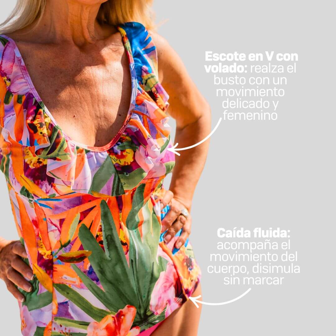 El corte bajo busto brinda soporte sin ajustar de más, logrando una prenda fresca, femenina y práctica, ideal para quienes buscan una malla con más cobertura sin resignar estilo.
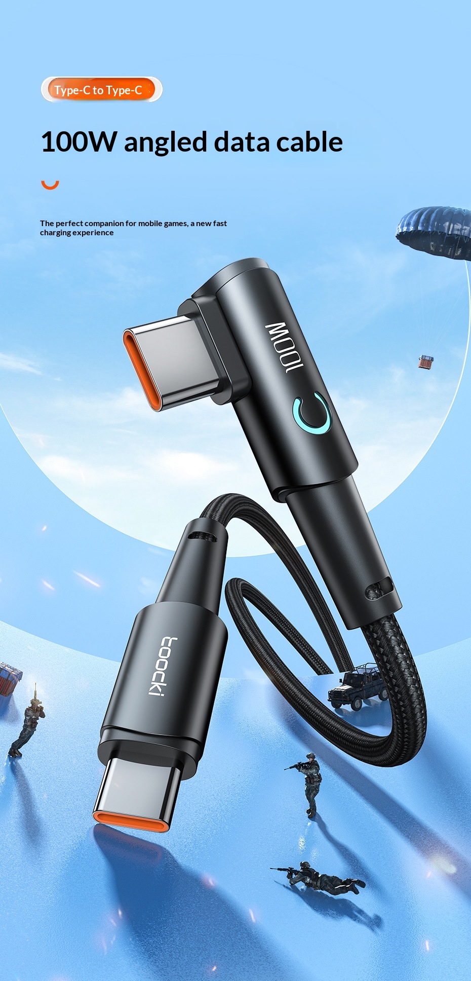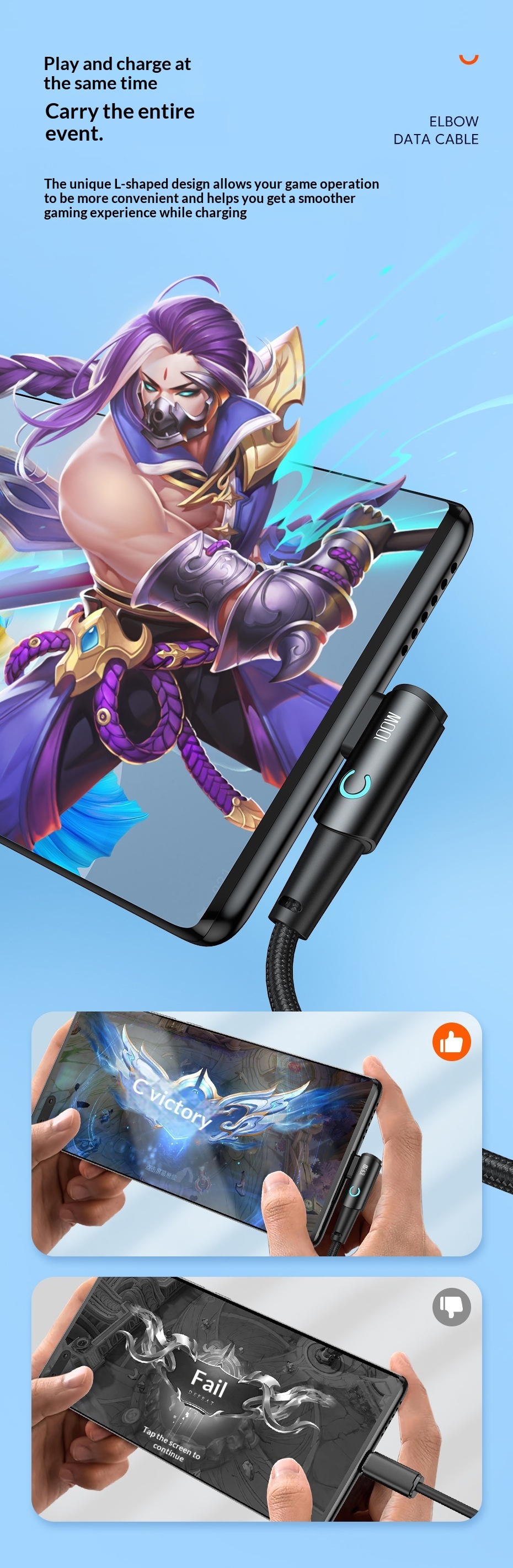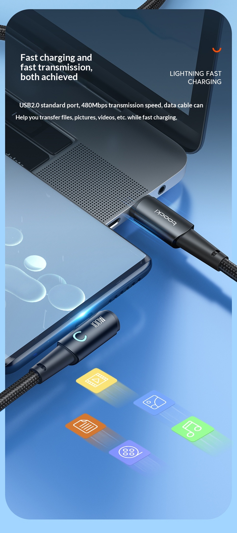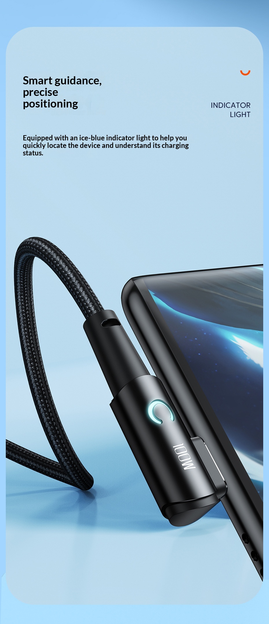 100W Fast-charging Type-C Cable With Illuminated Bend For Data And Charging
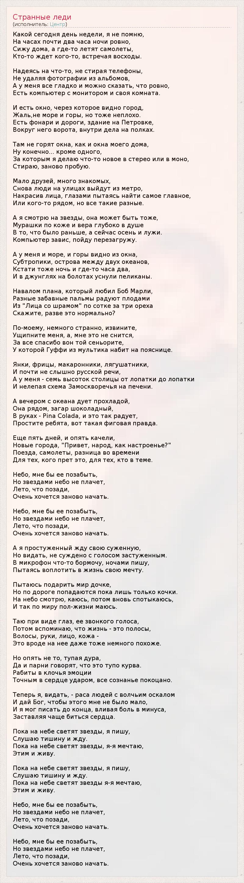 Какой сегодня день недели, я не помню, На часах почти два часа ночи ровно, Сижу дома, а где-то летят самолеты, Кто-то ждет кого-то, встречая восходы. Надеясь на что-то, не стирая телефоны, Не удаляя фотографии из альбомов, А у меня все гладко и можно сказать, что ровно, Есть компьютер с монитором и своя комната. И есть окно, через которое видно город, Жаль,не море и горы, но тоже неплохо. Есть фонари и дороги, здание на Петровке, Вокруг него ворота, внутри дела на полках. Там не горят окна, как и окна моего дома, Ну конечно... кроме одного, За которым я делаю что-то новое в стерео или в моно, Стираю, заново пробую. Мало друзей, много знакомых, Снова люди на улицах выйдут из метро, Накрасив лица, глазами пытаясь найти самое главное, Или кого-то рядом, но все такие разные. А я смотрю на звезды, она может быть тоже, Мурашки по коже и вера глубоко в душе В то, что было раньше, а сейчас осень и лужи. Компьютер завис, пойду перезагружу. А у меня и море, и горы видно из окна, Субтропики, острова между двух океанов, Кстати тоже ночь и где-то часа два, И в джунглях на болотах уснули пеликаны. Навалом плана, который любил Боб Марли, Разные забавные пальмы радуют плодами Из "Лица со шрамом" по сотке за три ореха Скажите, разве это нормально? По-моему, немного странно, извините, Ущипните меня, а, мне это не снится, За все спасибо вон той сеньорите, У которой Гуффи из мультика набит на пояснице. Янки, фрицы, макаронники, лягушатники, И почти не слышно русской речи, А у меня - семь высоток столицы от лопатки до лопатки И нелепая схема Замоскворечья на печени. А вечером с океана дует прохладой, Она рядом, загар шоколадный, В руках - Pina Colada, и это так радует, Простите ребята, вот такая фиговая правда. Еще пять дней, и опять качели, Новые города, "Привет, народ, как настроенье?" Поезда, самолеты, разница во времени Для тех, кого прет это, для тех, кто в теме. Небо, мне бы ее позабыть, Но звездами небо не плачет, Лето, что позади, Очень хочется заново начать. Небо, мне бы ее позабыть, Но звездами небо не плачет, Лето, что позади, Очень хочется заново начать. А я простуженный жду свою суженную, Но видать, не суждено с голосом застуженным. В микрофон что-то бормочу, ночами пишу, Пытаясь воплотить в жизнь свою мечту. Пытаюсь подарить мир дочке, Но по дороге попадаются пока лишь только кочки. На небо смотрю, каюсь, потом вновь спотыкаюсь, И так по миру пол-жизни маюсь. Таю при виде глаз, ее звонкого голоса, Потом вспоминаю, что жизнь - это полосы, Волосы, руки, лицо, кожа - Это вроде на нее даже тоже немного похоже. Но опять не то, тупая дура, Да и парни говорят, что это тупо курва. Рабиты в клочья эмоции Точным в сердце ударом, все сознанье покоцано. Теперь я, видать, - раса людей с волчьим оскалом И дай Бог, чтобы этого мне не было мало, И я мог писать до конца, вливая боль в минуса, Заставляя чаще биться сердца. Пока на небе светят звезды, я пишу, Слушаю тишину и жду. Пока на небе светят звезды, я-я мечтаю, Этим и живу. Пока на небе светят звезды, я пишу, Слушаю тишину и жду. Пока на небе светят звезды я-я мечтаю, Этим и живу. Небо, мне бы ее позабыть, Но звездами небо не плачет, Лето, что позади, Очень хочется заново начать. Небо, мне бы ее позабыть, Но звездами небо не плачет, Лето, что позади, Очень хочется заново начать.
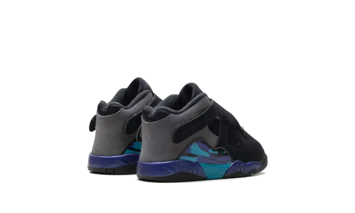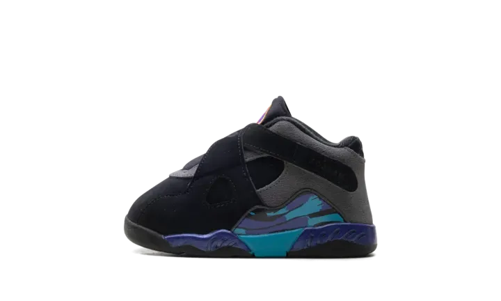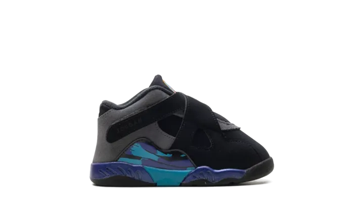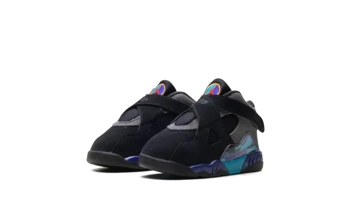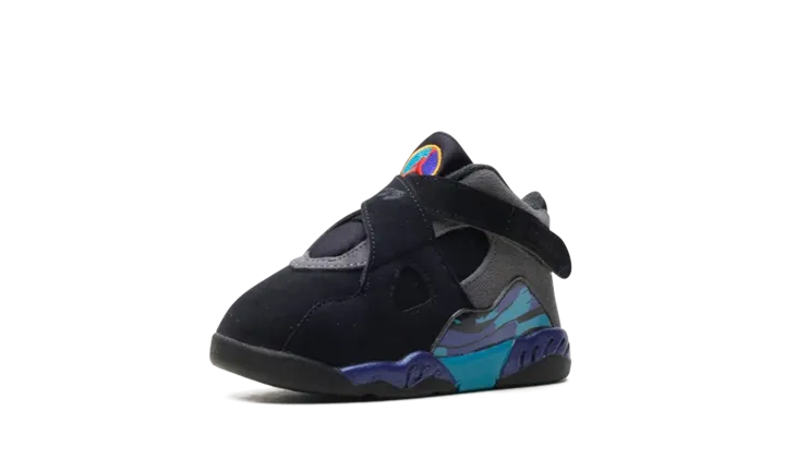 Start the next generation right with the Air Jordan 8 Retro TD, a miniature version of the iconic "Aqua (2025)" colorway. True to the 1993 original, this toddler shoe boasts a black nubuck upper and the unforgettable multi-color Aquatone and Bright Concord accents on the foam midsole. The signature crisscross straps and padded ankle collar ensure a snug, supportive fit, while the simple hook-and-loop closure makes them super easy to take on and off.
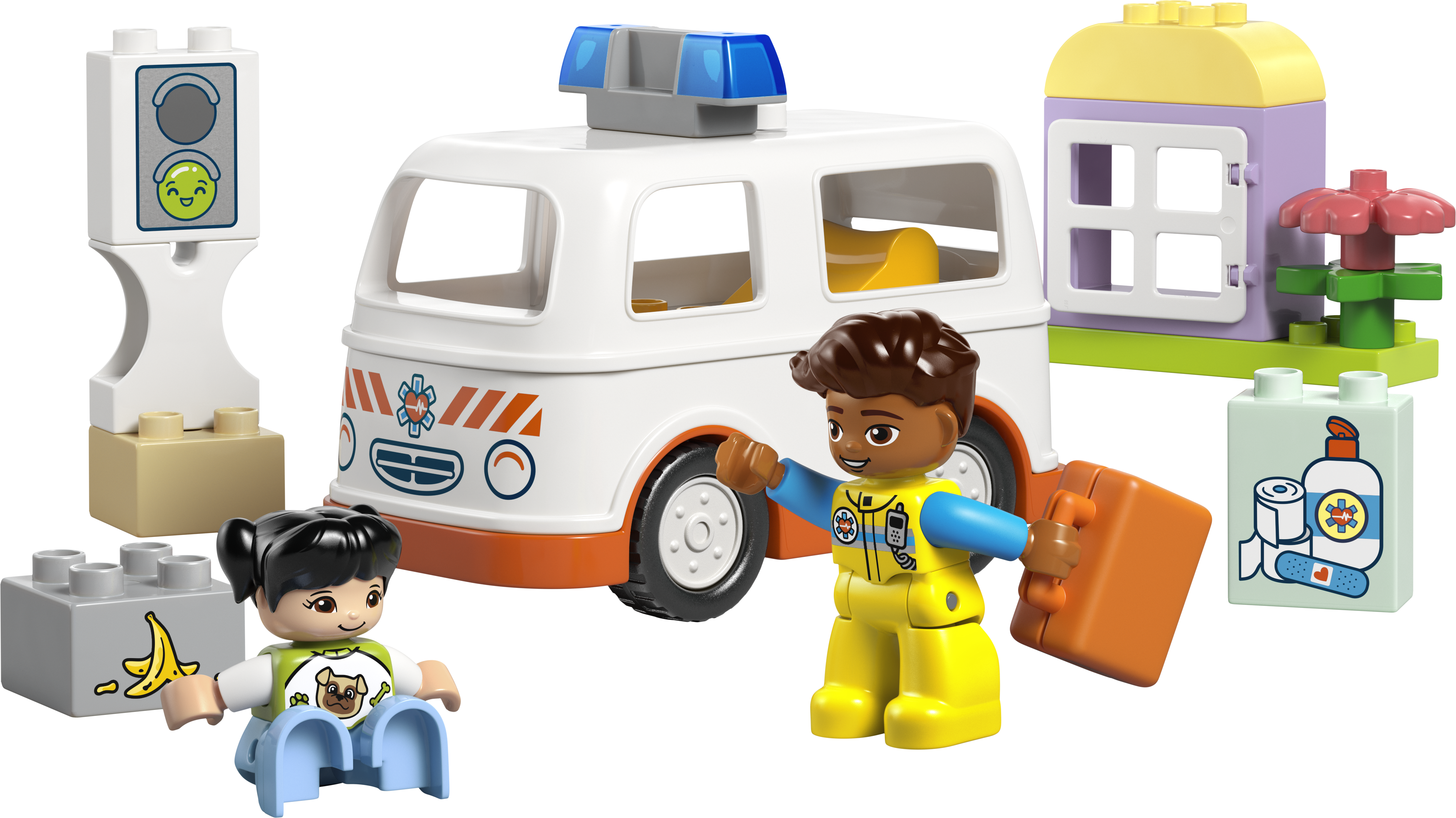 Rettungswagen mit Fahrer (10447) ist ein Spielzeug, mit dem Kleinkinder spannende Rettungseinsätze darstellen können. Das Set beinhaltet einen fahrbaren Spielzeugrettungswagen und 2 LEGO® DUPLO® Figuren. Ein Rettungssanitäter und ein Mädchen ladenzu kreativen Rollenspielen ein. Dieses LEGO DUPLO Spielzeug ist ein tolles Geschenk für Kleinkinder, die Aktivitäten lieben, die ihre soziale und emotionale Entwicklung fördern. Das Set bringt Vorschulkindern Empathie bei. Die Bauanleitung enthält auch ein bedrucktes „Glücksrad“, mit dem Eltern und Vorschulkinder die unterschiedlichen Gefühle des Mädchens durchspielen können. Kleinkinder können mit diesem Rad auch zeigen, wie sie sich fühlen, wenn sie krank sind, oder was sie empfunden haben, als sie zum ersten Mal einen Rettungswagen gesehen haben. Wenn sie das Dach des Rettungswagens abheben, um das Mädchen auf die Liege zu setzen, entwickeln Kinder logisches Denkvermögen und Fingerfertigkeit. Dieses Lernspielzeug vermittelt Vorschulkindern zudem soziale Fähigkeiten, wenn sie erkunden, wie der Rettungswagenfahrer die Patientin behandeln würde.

#####

| The problem |
Could you copy the data above exactly, leaving the pictures out?

| Output for this exercise |
 El corte bajo busto brinda soporte sin ajustar de más, logrando una prenda fresca, femenina y práctica, ideal para quienes buscan una malla con más cobertura sin resignar estilo.
 100W Fast-charging Type-C Cable With Illuminated Bend For Data And Charging
 Какой сегодня день недели, я не помню, На часах почти два часа ночи ровно, Сижу дома, а где-то летят самолеты, Кто-то ждет кого-то, встречая восходы. Надеясь на что-то, не стирая телефоны, Не удаляя фотографии из альбомов, А у меня все гладко и можно сказать, что ровно, Есть компьютер с монитором и своя комната. И есть окно, через которое видно город, Жаль,не море и горы, но тоже неплохо. Есть фонари и дороги, здание на Петровке, Вокруг него ворота, внутри дела на полках. Там не горят окна, как и окна моего дома, Ну конечно... кроме одного, За которым я делаю что-то новое в стерео или в моно, Стираю, заново пробую. Мало друзей, много знакомых, Снова люди на улицах выйдут из метро, Накрасив лица, глазами пытаясь найти самое главное, Или кого-то рядом, но все такие разные. А я смотрю на звезды, она может быть тоже, Мурашки по коже и вера глубоко в душе В то, что было раньше, а сейчас осень и лужи. Компьютер завис, пойду перезагружу. А у меня и море, и горы видно из окна, Субтропики, острова между двух океанов, Кстати тоже ночь и где-то часа два, И в джунглях на болотах уснули пеликаны. Навалом плана, который любил Боб Марли, Разные забавные пальмы радуют плодами Из "Лица со шрамом" по сотке за три ореха Скажите, разве это нормально? По-моему, немного странно, извините, Ущипните меня, а, мне это не снится, За все спасибо вон той сеньорите, У которой Гуффи из мультика набит на пояснице. Янки, фрицы, макаронники, лягушатники, И почти не слышно русской речи, А у меня - семь высоток столицы от лопатки до лопатки И нелепая схема Замоскворечья на печени. А вечером с океана дует прохладой, Она рядом, загар шоколадный, В руках - Pina Colada, и это так радует, Простите ребята, вот такая фиговая правда. Еще пять дней, и опять качели, Новые города, "Привет, народ, как настроенье?" Поезда, самолеты, разница во времени Для тех, кого прет это, для тех, кто в теме. Небо, мне бы ее позабыть, Но звездами небо не плачет, Лето, что позади, Очень хочется заново начать. Небо, мне бы ее позабыть, Но звездами небо не плачет, Лето, что позади, Очень хочется заново начать. А я простуженный жду свою суженную, Но видать, не суждено с голосом застуженным. В микрофон что-то бормочу, ночами пишу, Пытаясь воплотить в жизнь свою мечту. Пытаюсь подарить мир дочке, Но по дороге попадаются пока лишь только кочки. На небо смотрю, каюсь, потом вновь спотыкаюсь, И так по миру пол-жизни маюсь. Таю при виде глаз, ее звонкого голоса, Потом вспоминаю, что жизнь - это полосы, Волосы, руки, лицо, кожа - Это вроде на нее даже тоже немного похоже. Но опять не то, тупая дура, Да и парни говорят, что это тупо курва. Рабиты в клочья эмоции Точным в сердце ударом, все сознанье покоцано. Теперь я, видать, - раса людей с волчьим оскалом И дай Бог, чтобы этого мне не было мало, И я мог писать до конца, вливая боль в минуса, Заставляя чаще биться сердца. Пока на небе светят звезды, я пишу, Слушаю тишину и жду. Пока на небе светят звезды, я-я мечтаю, Этим и живу. Пока на небе светят звезды, я пишу, Слушаю тишину и жду. Пока на небе светят звезды я-я мечтаю, Этим и живу. Небо, мне бы ее позабыть, Но звездами небо не плачет, Лето, что позади, Очень хочется заново начать. Небо, мне бы ее позабыть, Но звездами небо не плачет, Лето, что позади, Очень хочется заново начать.
 Start the next generation right with the Air Jordan 8 Retro TD, a miniature version of the iconic "Aqua (2025)" colorway. True to the 1993 original, this toddler shoe boasts a black nubuck upper and the unforgettable multi-color Aquatone and Bright Concord accents on the foam midsole. The signature crisscross straps and padded ankle collar ensure a snug, supportive fit, while the simple hook-and-loop closure makes them super easy to take on and off.
 Rettungswagen mit Fahrer (10447) ist ein Spielzeug, mit dem Kleinkinder spannende Rettungseinsätze darstellen können. Das Set beinhaltet einen fahrbaren Spielzeugrettungswagen und 2 LEGO® DUPLO® Figuren. Ein Rettungssanitäter und ein Mädchen ladenzu kreativen Rollenspielen ein. Dieses LEGO DUPLO Spielzeug ist ein tolles Geschenk für Kleinkinder, die Aktivitäten lieben, die ihre soziale und emotionale Entwicklung fördern. Das Set bringt Vorschulkindern Empathie bei. Die Bauanleitung enthält auch ein bedrucktes „Glücksrad“, mit dem Eltern und Vorschulkinder die unterschiedlichen Gefühle des Mädchens durchspielen können. Kleinkinder können mit diesem Rad auch zeigen, wie sie sich fühlen, wenn sie krank sind, oder was sie empfunden haben, als sie zum ersten Mal einen Rettungswagen gesehen haben. Wenn sie das Dach des Rettungswagens abheben, um das Mädchen auf die Liege zu setzen, entwickeln Kinder logisches Denkvermögen und Fingerfertigkeit. Dieses Lernspielzeug vermittelt Vorschulkindern zudem soziale Fähigkeiten, wenn sie erkunden, wie der Rettungswagenfahrer die Patientin behandeln würde.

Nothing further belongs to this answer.